● **About this task**: Filter the entries that follow, copying every line in which the word "from" appears.

● **Data supplied**:
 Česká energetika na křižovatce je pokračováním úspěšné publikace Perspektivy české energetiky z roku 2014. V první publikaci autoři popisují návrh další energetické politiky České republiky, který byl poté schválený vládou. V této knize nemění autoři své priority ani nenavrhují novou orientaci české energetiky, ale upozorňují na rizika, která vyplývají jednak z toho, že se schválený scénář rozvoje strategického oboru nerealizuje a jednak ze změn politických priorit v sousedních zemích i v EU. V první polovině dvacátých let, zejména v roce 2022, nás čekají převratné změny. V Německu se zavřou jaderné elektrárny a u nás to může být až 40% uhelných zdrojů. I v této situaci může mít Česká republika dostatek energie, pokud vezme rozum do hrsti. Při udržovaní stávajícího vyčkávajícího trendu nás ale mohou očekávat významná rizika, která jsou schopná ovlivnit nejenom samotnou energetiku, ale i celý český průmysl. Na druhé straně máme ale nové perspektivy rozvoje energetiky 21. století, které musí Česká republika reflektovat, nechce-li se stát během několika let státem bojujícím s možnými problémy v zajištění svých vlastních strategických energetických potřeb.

--

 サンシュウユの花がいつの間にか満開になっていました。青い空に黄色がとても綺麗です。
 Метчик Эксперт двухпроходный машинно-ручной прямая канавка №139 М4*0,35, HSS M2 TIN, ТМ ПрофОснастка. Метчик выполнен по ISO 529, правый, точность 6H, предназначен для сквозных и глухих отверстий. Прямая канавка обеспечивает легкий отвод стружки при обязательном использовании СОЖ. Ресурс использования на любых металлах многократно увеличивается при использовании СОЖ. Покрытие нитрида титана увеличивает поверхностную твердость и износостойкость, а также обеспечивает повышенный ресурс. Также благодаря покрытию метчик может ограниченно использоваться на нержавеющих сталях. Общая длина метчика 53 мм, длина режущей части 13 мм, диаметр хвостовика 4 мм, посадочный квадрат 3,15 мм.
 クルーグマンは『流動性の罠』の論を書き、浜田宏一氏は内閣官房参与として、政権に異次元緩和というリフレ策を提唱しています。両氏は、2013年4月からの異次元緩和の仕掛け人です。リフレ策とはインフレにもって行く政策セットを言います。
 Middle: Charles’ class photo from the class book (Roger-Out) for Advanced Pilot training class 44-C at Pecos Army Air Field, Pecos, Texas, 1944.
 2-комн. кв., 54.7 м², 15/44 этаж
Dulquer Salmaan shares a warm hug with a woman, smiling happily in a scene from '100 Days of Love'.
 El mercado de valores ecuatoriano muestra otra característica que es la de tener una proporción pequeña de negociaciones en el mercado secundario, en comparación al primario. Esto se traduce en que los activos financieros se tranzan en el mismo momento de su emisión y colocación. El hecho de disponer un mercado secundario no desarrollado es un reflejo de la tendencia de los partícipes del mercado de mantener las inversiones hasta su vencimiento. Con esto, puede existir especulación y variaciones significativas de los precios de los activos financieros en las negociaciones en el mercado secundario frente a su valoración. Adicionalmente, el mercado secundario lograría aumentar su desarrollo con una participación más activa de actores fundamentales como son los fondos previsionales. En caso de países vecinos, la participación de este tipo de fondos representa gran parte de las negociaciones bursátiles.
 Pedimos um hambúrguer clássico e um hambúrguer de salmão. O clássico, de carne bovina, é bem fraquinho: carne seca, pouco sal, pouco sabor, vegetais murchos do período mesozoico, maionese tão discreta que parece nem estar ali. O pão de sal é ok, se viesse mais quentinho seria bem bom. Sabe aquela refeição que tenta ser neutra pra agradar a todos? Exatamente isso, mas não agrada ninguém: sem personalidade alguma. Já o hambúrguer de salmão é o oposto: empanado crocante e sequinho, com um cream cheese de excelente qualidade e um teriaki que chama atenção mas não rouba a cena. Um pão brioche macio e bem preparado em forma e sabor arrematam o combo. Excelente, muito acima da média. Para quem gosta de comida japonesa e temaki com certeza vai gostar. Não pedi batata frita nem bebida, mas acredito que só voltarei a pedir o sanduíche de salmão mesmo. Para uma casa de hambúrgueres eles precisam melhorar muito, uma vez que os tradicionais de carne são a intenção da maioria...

...

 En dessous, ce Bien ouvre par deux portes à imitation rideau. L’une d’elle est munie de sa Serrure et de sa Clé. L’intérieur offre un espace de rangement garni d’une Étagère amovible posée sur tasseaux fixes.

● **Exercise solution**:
 Middle: Charles’ class photo from the class book (Roger-Out) for Advanced Pilot training class 44-C at Pecos Army Air Field, Pecos, Texas, 1944.
Dulquer Salmaan shares a warm hug with a woman, smiling happily in a scene from '100 Days of Love'.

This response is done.